Amerotke, atraído por las pinturas murales, se acercó para examinarlas y dejó escapar una exclamación de sorpresa al comprobar que, mientras preparaban el resto de la tumba, Ineni había hecho que los artistas decorasen la cámara con una miríada de escenas extraídas de la vida del faraón. Allí se congregaban sus triunfales victorias junto con cotidianos sucesos familiares. Hatasu se acercó para mostrarle una en la que aparecía de niña, arrodillada frente a su padre. Bajo su pequeña figura, se había grabado su nombre en un jeroglífico. Con todo, no parecía dispuesta a recrearse en sus recuerdos o entregarse a la nostalgia, por lo que no tardó en alejarse.
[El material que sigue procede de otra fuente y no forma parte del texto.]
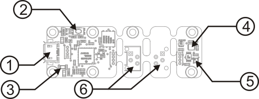 | 3: | Yocto-led | 6: | Emplacements pour les embases Picoflex |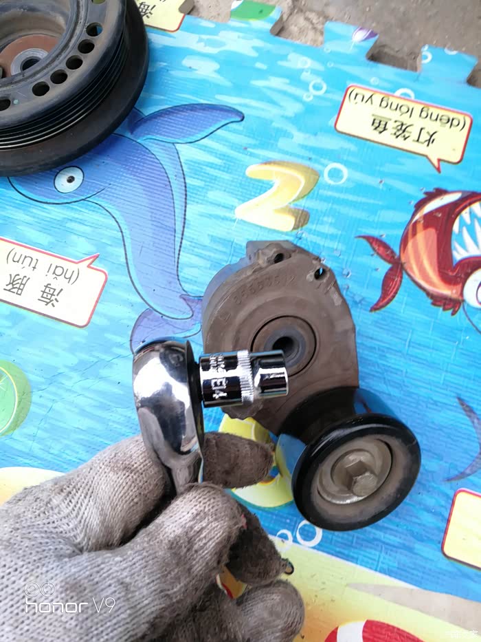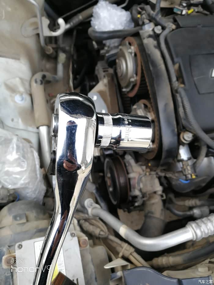 用19套筒的扳手压下发电机皮带涨紧轮,拿下发电机皮带。
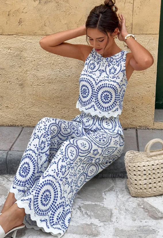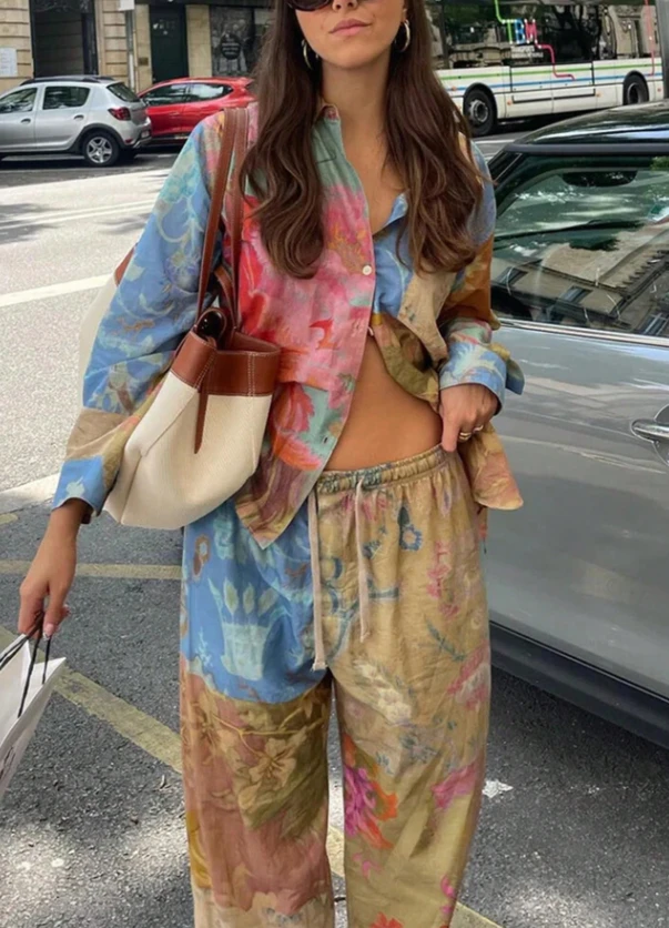 طقم نسائي بطابع بوهيمي كاجوال مزين بطبعة زهرية أنثوية

Amerotke sabía que la reina profesaba un hondo respeto a su terrible progenitor, pero poco más. También encontró una representación de sí mismo en su infancia. Sonrió al ver lo reducido de la figura de cabeza afeitada con un mechón en el lateral, el collar de joyas y la túnica blanca propia de un miembro de la guardería real. Entre las demás escenas, se hallaba una de Tutmosis condecorando a los soldados con bandas honoríficas por su valentía. Había una serie completa que reflejaba la generosidad del faraón para con los escribas, maestros y médicos. Al reparar en la que lo representaba dando su bendición a los pajes reales, se detuvo lleno de asombro y se mordió un labio para reprimir una exclamación de sorpresa. Se trataba de una larga fila de pequeñas figuras; cada una tenía escrito su nombre debajo y dos de ellas estaban cogidas de la mano. Amerotke volvió a examinarlas para cerciorarse de que no había leído mal los de estas dos últimas y luego se dirigió al muro que había al fondo de la tumba, dominado por la imagen de Tutmosis con la doble corona de Egipto y el nemes real sobre los hombros, aceptando la sumisión de vasallos y aliados. Amerotke vislumbró un grupito de nubios enanos como los que había conocido en el campamento de Tushratta. Estos también estaban arrodillados frente al faraón, con las manos extendidas para rogar su bendición. No llevaban más atuendo que una cinta de plumas en la cabeza y faldellines de cuero. Amerotke estudió la escena con detenimiento, sin pasar por alto las armas que portaban. Tanto se abstrajo en su contemplación que olvidó incluso dónde se hallaba. Las imágenes iban y venían por su mente: la bailarina muerta en el pabellón, Snefru sobre su lecho, Weni perseguido por una jauría de perros salvajes…
—¿Mi señor? ¿Ocurre algo, mi señor?
Amerotke meneó la cabeza para salir de su ensueño y sonrió al tiempo que hacía una reverencia.
—No, mi señora; solo es el pasado.
Decidió ocultar, al menos por el momento, lo que acababa de averiguar sobre los asesinatos del templo de Anubis.